High officers leading this week's big war game in northern Israel confronted Prime Minister Binyamin Netanyahu and chief of staff Lt. Gen. Gaby Ashkenazi with harsh criticism over the lack of a clear government strategy for dealing with the rising Hizballah threat of aggression and the uninterrupted flow of advanced weaponry from Syria to Hizballah. The exercise drilled various war scenarios. debkafile's military sources report that Wednesday, May 12 at the end of the exercise, the officers accused the prime minister and chief of staff, who observed the drill, with doing nothing because they were over-anxious to "keep Israel 's borders with Syria and the Lebanese Hizballah calm, whatever the cost." 
This kept the Israel 's military machine waiting in passive mode for Hizballah to go to war when it was fully armed and ready. 
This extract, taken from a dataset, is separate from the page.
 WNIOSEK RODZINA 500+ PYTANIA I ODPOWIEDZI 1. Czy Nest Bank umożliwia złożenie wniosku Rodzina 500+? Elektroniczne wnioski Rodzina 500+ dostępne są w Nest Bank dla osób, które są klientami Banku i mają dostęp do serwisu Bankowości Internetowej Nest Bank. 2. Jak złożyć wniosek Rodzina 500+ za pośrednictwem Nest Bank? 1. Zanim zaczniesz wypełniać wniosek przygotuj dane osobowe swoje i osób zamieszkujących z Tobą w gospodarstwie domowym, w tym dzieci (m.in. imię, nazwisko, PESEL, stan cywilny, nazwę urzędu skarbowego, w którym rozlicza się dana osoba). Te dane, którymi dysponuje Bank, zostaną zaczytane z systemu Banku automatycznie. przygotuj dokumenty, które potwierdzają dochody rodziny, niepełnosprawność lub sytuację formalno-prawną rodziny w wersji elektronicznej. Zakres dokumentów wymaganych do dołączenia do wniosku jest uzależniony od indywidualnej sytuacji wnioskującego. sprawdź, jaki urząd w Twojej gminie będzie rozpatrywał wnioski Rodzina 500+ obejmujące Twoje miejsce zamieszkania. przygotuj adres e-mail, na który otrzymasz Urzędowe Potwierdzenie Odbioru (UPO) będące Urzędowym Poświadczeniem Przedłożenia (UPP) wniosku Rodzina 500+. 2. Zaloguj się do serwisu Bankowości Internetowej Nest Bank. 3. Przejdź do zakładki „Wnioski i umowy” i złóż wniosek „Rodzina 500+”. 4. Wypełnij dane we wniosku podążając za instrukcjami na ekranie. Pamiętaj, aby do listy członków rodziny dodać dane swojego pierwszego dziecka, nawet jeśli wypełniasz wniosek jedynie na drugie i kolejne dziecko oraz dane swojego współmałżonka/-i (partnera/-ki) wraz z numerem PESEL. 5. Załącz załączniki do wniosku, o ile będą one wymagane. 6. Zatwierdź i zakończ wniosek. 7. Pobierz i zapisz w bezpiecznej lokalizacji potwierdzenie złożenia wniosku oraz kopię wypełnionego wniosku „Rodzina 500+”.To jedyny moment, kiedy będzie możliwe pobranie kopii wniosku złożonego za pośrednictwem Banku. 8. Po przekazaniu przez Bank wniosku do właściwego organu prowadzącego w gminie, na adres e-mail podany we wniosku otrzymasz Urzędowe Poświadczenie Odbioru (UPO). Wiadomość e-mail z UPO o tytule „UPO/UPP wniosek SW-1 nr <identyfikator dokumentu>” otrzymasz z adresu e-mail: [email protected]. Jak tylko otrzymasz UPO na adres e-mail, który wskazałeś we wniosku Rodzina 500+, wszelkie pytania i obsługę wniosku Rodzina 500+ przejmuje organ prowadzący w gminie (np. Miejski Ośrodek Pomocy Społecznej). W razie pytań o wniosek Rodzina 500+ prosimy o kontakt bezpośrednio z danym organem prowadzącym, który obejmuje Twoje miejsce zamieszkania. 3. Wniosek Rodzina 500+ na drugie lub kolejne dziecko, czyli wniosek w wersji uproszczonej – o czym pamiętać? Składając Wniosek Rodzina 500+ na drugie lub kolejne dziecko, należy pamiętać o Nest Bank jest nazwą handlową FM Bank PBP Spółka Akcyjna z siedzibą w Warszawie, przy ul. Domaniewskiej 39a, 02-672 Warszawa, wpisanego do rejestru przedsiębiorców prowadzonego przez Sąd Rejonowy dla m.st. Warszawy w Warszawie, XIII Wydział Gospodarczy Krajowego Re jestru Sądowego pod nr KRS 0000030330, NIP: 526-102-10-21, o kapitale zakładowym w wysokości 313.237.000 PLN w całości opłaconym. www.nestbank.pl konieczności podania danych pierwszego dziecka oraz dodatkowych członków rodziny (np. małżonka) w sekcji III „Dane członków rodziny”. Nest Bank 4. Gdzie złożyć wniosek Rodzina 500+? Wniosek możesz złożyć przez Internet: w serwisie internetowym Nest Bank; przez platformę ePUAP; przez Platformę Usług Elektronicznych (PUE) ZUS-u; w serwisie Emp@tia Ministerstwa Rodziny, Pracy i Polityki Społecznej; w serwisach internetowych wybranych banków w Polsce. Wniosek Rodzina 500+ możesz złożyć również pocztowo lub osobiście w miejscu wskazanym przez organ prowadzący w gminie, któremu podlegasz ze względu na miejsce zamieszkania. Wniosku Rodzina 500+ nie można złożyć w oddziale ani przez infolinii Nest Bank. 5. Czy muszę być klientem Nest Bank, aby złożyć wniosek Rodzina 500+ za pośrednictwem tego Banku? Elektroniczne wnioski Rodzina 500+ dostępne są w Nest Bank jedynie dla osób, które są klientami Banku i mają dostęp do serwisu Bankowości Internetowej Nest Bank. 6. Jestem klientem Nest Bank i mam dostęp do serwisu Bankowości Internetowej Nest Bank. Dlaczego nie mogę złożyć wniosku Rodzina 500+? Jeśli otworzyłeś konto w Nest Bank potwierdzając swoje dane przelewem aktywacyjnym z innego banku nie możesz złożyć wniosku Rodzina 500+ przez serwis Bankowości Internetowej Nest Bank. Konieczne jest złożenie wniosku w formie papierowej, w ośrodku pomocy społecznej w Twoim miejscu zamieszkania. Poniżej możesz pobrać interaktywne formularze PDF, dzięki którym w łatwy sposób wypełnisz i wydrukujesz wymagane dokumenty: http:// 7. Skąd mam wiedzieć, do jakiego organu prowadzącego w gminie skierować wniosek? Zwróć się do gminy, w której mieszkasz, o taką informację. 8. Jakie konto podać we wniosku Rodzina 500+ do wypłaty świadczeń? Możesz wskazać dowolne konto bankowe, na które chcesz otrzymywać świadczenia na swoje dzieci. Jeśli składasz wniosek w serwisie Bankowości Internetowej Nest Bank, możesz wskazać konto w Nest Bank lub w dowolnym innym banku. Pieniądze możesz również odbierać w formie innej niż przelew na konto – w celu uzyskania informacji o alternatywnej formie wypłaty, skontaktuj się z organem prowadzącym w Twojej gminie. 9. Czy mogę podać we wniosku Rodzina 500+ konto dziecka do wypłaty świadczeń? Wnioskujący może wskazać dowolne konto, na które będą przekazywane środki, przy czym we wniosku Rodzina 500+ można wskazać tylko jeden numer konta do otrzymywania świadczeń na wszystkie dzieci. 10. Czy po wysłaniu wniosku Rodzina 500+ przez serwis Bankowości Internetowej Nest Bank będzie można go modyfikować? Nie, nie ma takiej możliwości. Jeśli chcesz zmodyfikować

Netanyahu used the occasion to accuse Iran of warmongering and inciting Syria and Hizballah to attack Israel with the lie that Israel was on the point of attack.
The IDF critics found this statement beside the point, feeble and playing into the hands of Syrian ruler Bashar Assad and Hassan Nasrallah, like many of the lame comments coming from defense minister Ehud Barak, debkafile's military sources quote one officer as saying: "Maybe Iran is feeding them false data, but so what? Assad and Nasrallah don't need an excuse for aggression. We watch them with large binoculars, but theirs are bigger. And what do they see? That the IDF has not made the slightest preparation to make good on the Israeli government's warnings of action if Syria goes through with transferring missiles and sophisticated weapons systems to Hizballah. So what conclusions have they drawn?" asked the officer: "That they can go on supplying Hizballah and preparing for war without fear or hindrance."
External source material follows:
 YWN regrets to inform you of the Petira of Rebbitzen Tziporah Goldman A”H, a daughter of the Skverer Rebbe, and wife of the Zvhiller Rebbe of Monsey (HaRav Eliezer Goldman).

Some of the officers drew comparisons between the current situation and the run-up to the 2006 Lebanon . Then, too, Israel kept hoping Hizballah's war preparations would come to nothing if Israel sat on its hands, but in the end the Lebanese terrorists attacked. 
"What happened then is what's happening today," said another officer. The IDF may have better hardware and improved logistics but, otherwise, Israel 's policy-maker are stuck dangerously in the 2006 time warp.
"Hizballah's war-planners cannot avoid noticing that Israel has retreated from every warning it issued in the past year," said this officer, and are therefore paying no heed to new ones."
For instance, Israeli threats to strike Lebanon and Syria held Damascus back from handing Hizballah M-600 surface-to-surface missiles, essentially Scuds - but only for a while. Recently, when they saw nothing happening, Syria went ahead and sent them over the border.
As a result, Hizballah is now armed with an array of weapons which are far more destructive in terms of civilian lives, damage to property and their reach into Israel's major cities than its 2006 arsenal 
One officer summed the situation up by saying: "In view of the Netanyahu government's policy of inertia, this war game should have been held in Tel Aviv - not just along the northern borders."